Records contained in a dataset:
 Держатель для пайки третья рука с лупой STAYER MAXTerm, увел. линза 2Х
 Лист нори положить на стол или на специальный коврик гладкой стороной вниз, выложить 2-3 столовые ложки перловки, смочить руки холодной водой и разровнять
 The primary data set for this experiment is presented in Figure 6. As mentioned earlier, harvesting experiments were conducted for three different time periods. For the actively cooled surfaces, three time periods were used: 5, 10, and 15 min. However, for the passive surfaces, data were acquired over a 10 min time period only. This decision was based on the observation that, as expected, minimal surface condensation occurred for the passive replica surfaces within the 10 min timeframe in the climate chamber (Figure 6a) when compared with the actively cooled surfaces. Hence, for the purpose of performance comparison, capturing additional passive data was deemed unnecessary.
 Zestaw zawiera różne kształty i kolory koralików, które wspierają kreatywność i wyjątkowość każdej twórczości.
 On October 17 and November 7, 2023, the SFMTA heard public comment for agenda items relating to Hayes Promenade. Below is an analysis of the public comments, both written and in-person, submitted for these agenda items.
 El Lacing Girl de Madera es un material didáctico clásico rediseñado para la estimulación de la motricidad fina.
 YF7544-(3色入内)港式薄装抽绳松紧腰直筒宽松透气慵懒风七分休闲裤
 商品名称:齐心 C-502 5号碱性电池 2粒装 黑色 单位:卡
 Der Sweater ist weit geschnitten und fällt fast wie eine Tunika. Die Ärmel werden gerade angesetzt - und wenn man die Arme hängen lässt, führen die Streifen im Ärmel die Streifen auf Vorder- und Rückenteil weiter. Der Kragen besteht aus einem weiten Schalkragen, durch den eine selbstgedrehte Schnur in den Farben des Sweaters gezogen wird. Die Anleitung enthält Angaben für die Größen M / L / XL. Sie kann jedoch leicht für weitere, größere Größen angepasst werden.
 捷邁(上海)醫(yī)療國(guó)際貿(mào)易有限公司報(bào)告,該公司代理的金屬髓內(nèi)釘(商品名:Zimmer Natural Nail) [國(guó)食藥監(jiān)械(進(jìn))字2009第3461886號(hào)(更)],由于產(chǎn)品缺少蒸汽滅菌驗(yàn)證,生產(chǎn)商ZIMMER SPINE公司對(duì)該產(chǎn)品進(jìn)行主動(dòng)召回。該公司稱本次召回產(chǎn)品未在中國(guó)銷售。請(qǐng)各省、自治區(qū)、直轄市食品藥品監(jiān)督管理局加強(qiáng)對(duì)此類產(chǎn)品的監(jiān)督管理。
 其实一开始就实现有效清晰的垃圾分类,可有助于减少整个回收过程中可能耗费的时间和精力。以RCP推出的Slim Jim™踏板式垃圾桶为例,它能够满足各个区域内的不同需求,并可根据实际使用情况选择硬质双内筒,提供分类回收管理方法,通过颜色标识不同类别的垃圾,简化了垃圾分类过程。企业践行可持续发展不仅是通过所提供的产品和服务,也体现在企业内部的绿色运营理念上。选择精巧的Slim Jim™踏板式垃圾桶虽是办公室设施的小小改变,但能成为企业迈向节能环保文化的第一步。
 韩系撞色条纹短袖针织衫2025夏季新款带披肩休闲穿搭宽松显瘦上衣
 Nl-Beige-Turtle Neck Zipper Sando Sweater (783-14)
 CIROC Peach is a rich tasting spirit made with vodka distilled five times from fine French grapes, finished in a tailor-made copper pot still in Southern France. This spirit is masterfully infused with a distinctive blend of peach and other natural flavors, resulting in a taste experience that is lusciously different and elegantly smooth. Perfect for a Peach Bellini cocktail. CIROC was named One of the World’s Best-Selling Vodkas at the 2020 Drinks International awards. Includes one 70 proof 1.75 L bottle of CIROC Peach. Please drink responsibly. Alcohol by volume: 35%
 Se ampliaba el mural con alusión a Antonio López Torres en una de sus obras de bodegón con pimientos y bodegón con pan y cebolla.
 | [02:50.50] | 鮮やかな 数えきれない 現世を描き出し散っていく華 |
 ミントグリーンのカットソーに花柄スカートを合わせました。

> What is needed
Among the lines above, find those containing the word "Sweater" and copy each.

> Task result
 Der Sweater ist weit geschnitten und fällt fast wie eine Tunika. Die Ärmel werden gerade angesetzt - und wenn man die Arme hängen lässt, führen die Streifen im Ärmel die Streifen auf Vorder- und Rückenteil weiter. Der Kragen besteht aus einem weiten Schalkragen, durch den eine selbstgedrehte Schnur in den Farben des Sweaters gezogen wird. Die Anleitung enthält Angaben für die Größen M / L / XL. Sie kann jedoch leicht für weitere, größere Größen angepasst werden.
 Nl-Beige-Turtle Neck Zipper Sando Sweater (783-14)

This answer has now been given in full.